For an RStudio user, create_from_github(fork = TRUE) does all of this:

  • Forks the source repo on GitHub.
  • Clones your fork to a new local repo (and RStudio Project). This configures your fork as the origin remote.
  • Configures the source repo as the upstream remote.
  • Sets the upstream tracking branch for main (or whatever the default branch is) to upstream/main.
  • Opens a new RStudio instance in the new local repo (and RStudio Project).

31.3 Engage with the new repo

If you used usethis::create_from_github() or did fork and clone via Existing project, GitHub first, you are probably in an RStudio Project for this new repo.

Regardless, get yourself into this project, whatever that means for you, using your usual method.

Explore the new repo in some suitable way. If it is a package, you could run the tests or check it. If it is a data analysis project, run a script or render an Rmd.

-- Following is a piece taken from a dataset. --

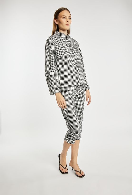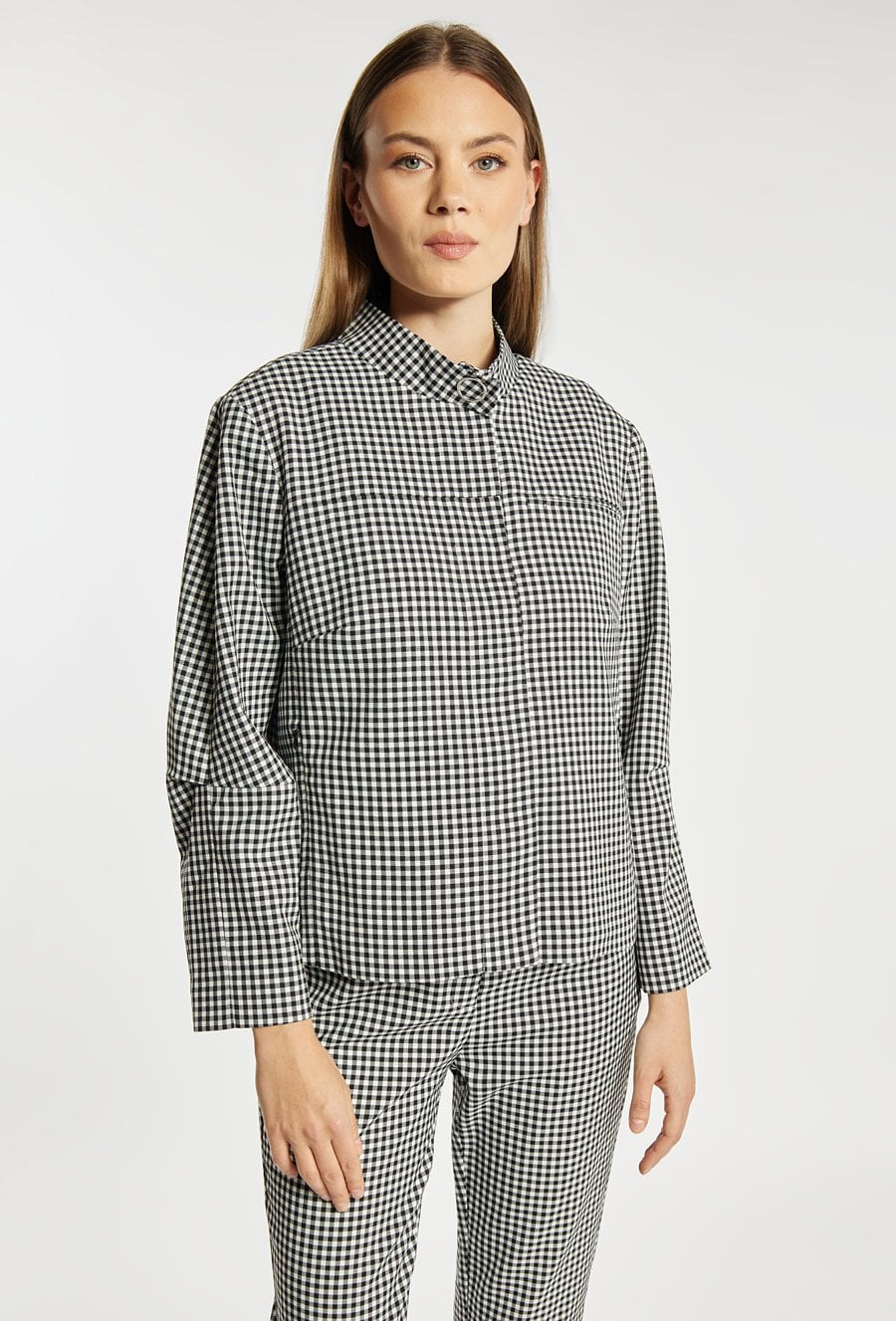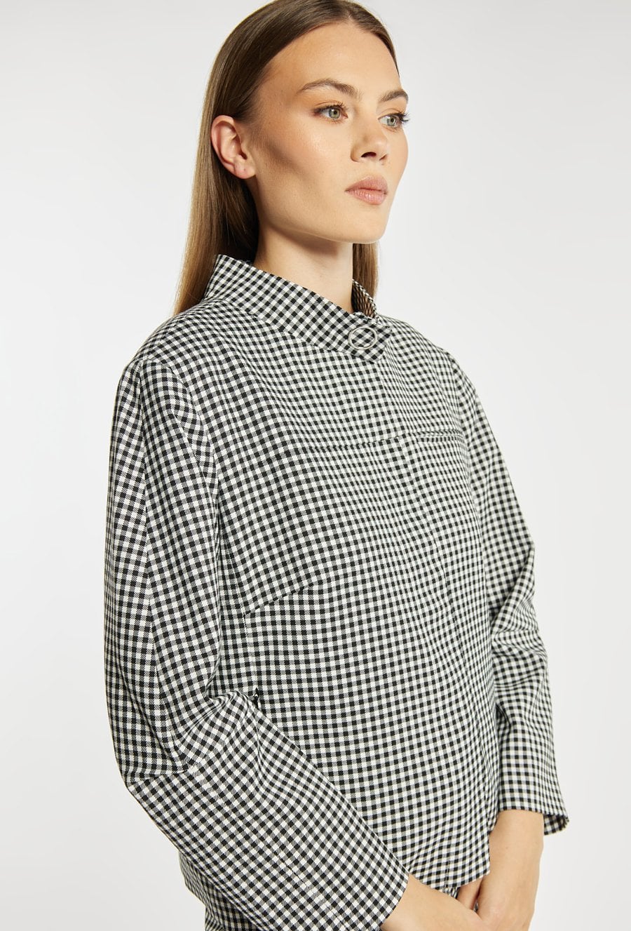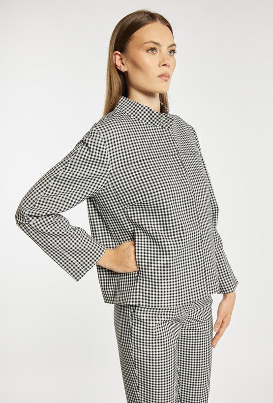 Kurtka damska o krótkim, swobodnym kroju z długim rękawem. Model z klasycznym kołnierzykiem oraz zapięciem z przodu, który nadaje całości stylowego, casualowego charakteru. Całość zdobi ponadczasowy wzór w drobną kratkę, dodający elegancji i modowego wyrazu. Idealna do codziennych stylizacji, łącząc wygodę z klasycznym stylem. Modelka na zdjęciu ma 177 cm wzrostu i prezentuje rozmiar 36.

Convince yourself that you have gotten the code.

You should now be in the perfect position to sync up with ongoing developments in the source repo and to propose new changes via a pull request from your fork.

Fork and clone, ideal setup.

You can use the commands below to review more of the nitty gritty Git details of your fork and clone setup:

  • Command line Git in a shell:
    • git remote -v
    • git remote show origin (or upstream)
    • git branch -vv
  • In R:
    • usethis::git_remotes()
    • usethis::git_sitrep()

In the shell, git remote -v should reveal that your remotes are configured like so:

origin    https://github.com/YOU/REPO.git (fetch)
origin    https://github.com/YOU/REPO.git (push)
upstream  https://github.com/OWNER/REPO.git (fetch)
upstream  https://github.com/OWNER/REPO.git (push)

Comparable info is available In R with usethis::git_remotes():

#> $origin
#> [1] "https://github.com/YOU/REPO.git"
#> $upstream
#> [1] "https://github.com/OWNER/repo.git"

In the shell, with the default branch checked out, git branch -vv should reveal that upstream/main is the upstream tracking branch:

~/some/repo/ % git branch -vv                   
* main 2739987 [upstream/main] Some commit message

All of this info about remotes and branches is also included in the rich information reported with usethis::git_sitrep().

31.4 Don’t mess with main

Here is some parting advice for how to work in a fork and clone and situation.

If you make any commits in your local repository, I strongly recommend that you work in a new branch, not main (or whatever the default branch is called).

I strongly recommend that you do not make commits to main of a repo you have forked. If you commit to main in a repo you don’t own, it creates a divergence between that branch’s history in the source repo and in your repo. Nothing but pain will come from this. (If you’ve already done this, we discuss how to fix the situation in Um, what if I did touch main?.)

When you treat main as read-only, it makes life much easier when you want to pull upstream work into your copy. The OWNER of REPO will also be happier to receive your pull request from a non-main branch.

For more detail, this Q&A on Stack Overflow is helpful: Why is it bad practice to commit to your fork’s master branch?.